Derek Strickland

Personal information
- Full name: Derek Strickland
- Date of birth: 7 November 1959 (age 65)
- Place of birth: Stoneyburn, Scotland
- Position(s): Striker

Senior career*
- Years: Team / Apps / (Gls)
- 1978–1979: Rangers / 1 / (0)
- 1979–1981: Leicester City / 7 / (2)
- 1981–1982: Hearts / 1 / (0)
- 1982–1983: East Stirlingshire / 15 / (1)

Managerial career
- Whitburn
- 2012-2013: Bathgate Thistle
- 2016-2023: Armadale Thistle

= Derek Strickland =

Scottish footballer

Derek Strickland (born 7 November 1959) is a Scottish former professional footballer.

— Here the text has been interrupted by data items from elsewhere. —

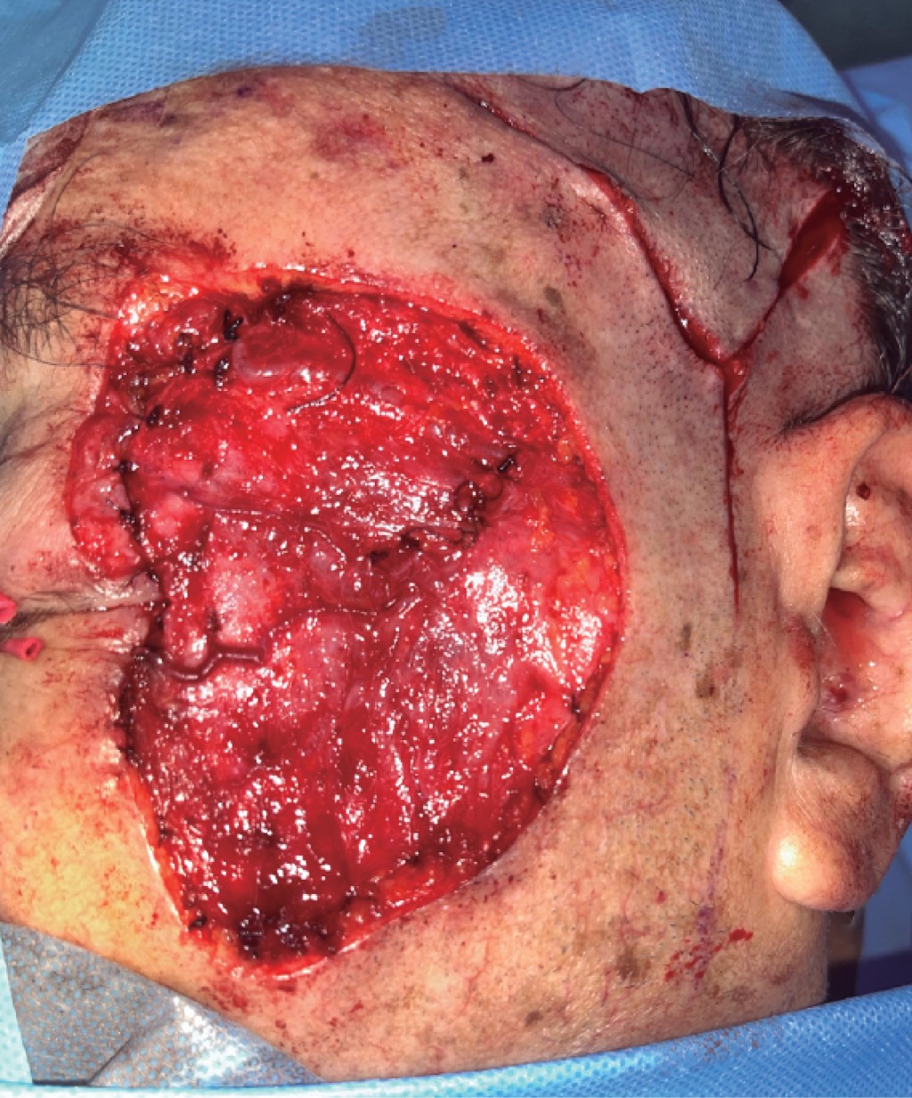 Reconstruction with temporal fascia flap for a defect in the upper third of the face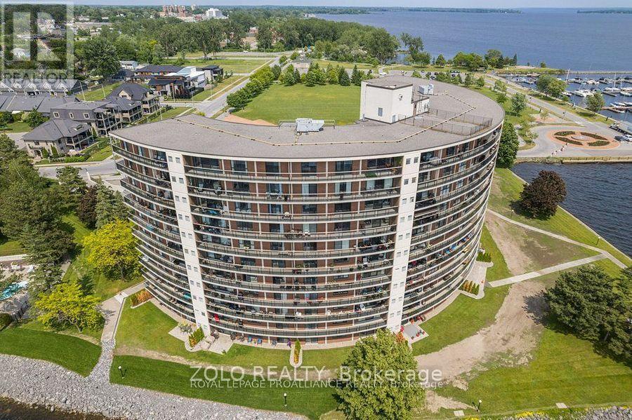 Experience refined waterfront living in this exceptional 1,380 sq. ft. condominium overlooking the Bay of Quinte, Bay Bridge, Meyers Pier, and the marina. Designed for discerning professionals, this residence blends modern luxury, low-maintenance living, and inspiring views-all just steps from downtown Belleville's best restaurants, boutiques, and theatres.The spacious open-concept layout is ideal for both entertaining and everyday comfort, featuring a stunning 40-foot wraparound balcony accessible from the living room and primary suite-perfect for morning coffee or unwinding after a busy day.The gourmet kitchen impresses with elegant custom cabinetry, gleaming granite countertops, seamlessly flowing into the bright living and dining areas. The primary suite offers balcony access, a generous walk-in closet, and a spa-inspired ensuite bath. A versatile second bedroom or office provides flexibility for guests or remote work. Enjoy exclusive, resort-style amenities tailored for an upscale lifestyle: 24/7 concierge and security, a heated saltwater pool, sauna, fully equipped fitness center, party/meeting rooms, library/games room, and tennis court. Private storage ensures convenience and peace of mind. The HVAC system was replaced in 2024 to further put at ease there will be no costly repairs in the foreseeable future. Perfectly located near the waterfront trails of Janet Forrester Park, close to the hospital and three marinas, this address delivers the ultimate in balance-professional polish meets relaxed coastal living. Whether entertaining clients, hosting friends, or simply enjoying the sunset from your balcony, this luxury condo redefines the art of living well. (id:6289)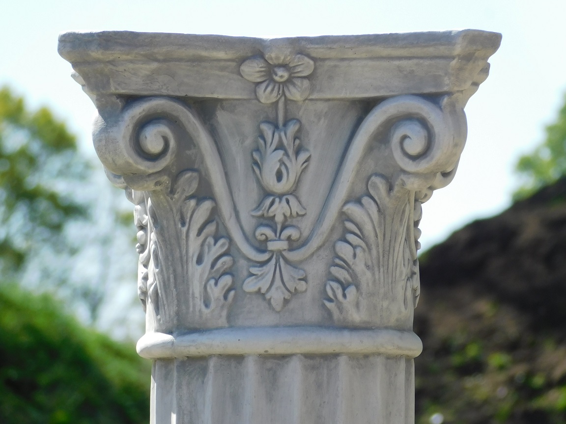 Das raffinierte Kapitell mit kunstvollen Ornamenten und die kannelierte Säule verleihen dem Ganzen ein exklusives, fast römisches Flair.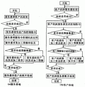 软件设计的关键是数据的网络传递,为了保证数据及时传递,在软件设计中采用了多线程技术,专门建立一个线程对采集的机床数据进行网络传递。该系统的流程图如图5所示。数控代码在客户机上编辑好之后,可以一次性传递给服务器,服务器将数控代码保存到内存中,然后在编译执行数控代码。控制指令的传递可以随时从客户机传递到服务器,服务器接到指令后立即执行。对于机床加工图像和状态参数的传递则要复杂一些。在服务器上,数控系统通过CCD摄像头实时采集加工图像,利用定时器在每一个周期内将图像保存为位图文件,然后将位图文件通过网络传递到客户机上,客户机在接收完每一个位图文件后,用定时器在每一个周期在图像显示窗口进行刷新显示,使加工图像保持连续性。同时服务器上的数控系统实时采集机床状态参数,利用定时器每一个周期将以一定格式的数据传递到客户机,客户机对数据进行接收后分析,再用定时器在一个周期内对状态参数进行更新显示。为了避免位图数据和参数数据在传递时的混乱现象,在服务器端采用中断方法,在传递图像数据时中断参数数据的传递,等图像数据传递完之后再传递参数数据,这样就很好的解决了在数据传递过程中的占用通道的矛盾问题。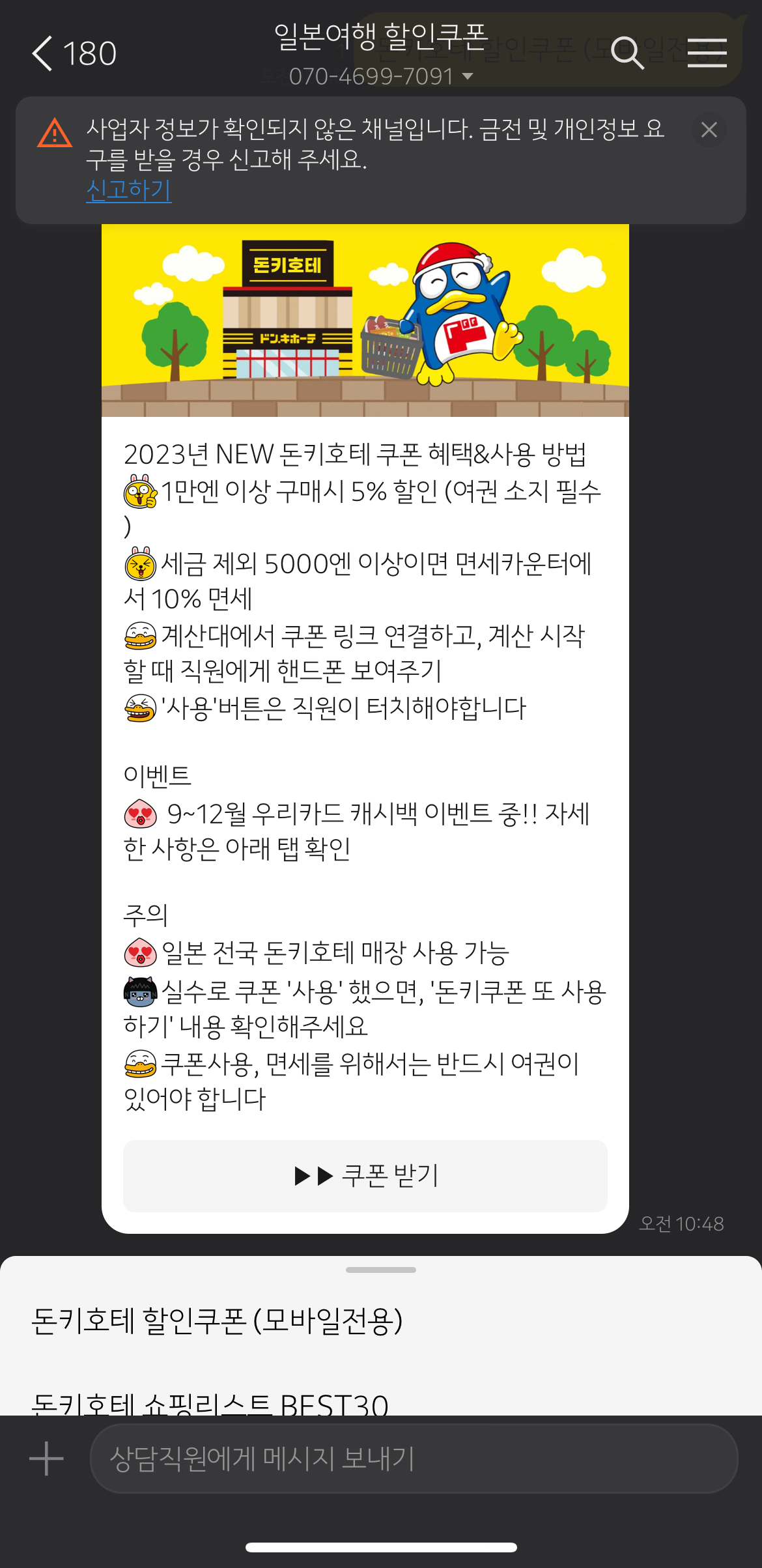 돈키호테 할인쿠폰을 누르게 되면 카톡으로 전송됩니다.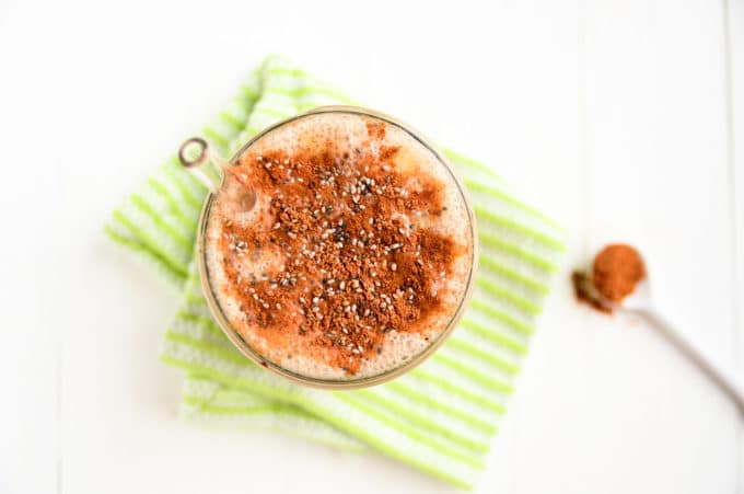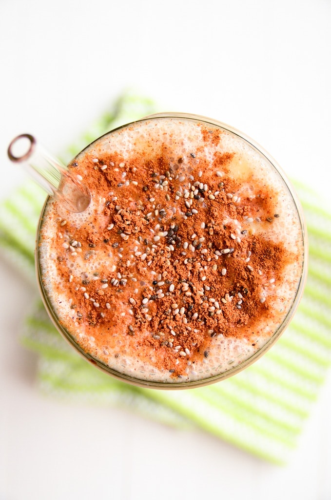 To make it, you'll simply toss a frozen banana or two, a peeled apple, almond milk, almond butter, cinnamon, and nutmeg into a blender. After blending to perfection in a quick minute, you'll pour this apple-cinnamon smoothie into a glass, and sprinkle with the toppings that suit your fancy. Chia seeds and cinnamon suited my fancy on the day I photographed this recipe, so there you have it.

Strickland joined Rangers in 1978 and made his debut for the club on 23 August that year in a League Cup match away to Albion Rovers. His second, and final, appearance for the club came at the end of that season in a 2-1 league defeat to Hibernian. In 1979 Strickland joined Leicester City and made seven league appearances, scoring twice. He moved on to have an unsuccessful stint with Hearts then played with East Stirlingshire before leaving the senior football ranks. He later joined Stoneyburn before playing for and managing Whitburn for a number of years.

Strickland took over as manager of Bathgate Thistle in April 2012 but resigned in June 2013.

He was appointed manager of Armadale Thistle in 2016 but retired from football in 2023. His son, Colin, took over the role as manager following his retirement.